**Task statement:**
The answer should hold only the lines from the beginning of the material through the one with "5.  Discounted terms", reproduced exactly and without pictures.

**Data extract:**

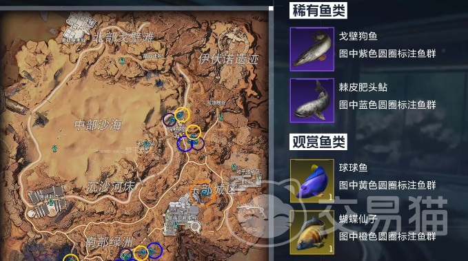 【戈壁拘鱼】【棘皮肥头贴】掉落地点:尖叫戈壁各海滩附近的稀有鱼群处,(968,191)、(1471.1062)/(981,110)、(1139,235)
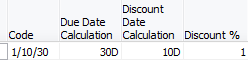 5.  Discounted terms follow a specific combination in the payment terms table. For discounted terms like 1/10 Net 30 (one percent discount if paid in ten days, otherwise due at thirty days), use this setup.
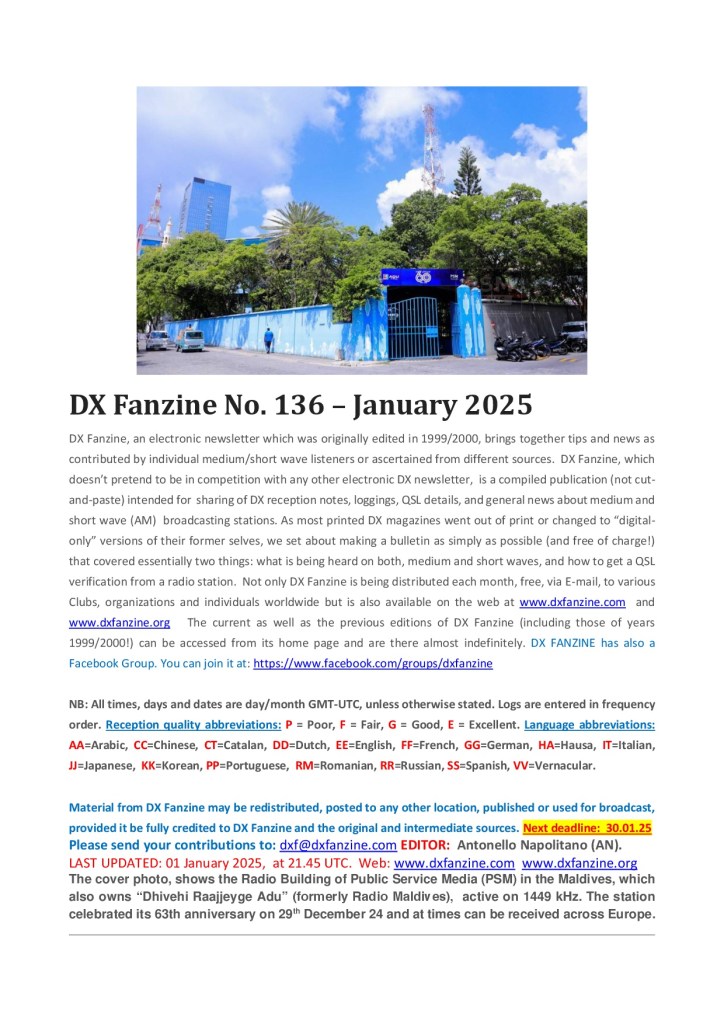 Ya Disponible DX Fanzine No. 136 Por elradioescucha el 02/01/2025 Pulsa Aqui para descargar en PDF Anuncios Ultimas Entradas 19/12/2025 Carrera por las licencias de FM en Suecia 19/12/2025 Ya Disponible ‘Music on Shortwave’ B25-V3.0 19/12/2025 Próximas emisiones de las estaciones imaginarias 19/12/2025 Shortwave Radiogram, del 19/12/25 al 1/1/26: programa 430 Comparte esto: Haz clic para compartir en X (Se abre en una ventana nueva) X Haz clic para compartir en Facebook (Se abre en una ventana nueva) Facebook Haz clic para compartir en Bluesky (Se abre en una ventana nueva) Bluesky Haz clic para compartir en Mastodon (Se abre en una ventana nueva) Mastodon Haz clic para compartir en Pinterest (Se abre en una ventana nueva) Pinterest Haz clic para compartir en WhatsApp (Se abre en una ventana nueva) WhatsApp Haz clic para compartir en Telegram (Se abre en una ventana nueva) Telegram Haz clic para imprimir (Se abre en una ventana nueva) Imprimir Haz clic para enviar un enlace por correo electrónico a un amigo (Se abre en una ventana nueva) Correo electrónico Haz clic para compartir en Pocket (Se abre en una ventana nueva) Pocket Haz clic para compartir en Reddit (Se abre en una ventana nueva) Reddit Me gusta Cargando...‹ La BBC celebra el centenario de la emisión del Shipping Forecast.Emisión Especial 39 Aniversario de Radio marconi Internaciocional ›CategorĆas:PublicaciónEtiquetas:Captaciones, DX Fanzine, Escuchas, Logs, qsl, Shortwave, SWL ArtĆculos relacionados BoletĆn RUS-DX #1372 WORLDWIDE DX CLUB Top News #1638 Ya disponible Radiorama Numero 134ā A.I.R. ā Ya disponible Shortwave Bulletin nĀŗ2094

**Solution to the problem:**
 【戈壁拘鱼】【棘皮肥头贴】掉落地点:尖叫戈壁各海滩附近的稀有鱼群处,(968,191)、(1471.1062)/(981,110)、(1139,235)
 5.  Discounted terms follow a specific combination in the payment terms table. For discounted terms like 1/10 Net 30 (one percent discount if paid in ten days, otherwise due at thirty days), use this setup.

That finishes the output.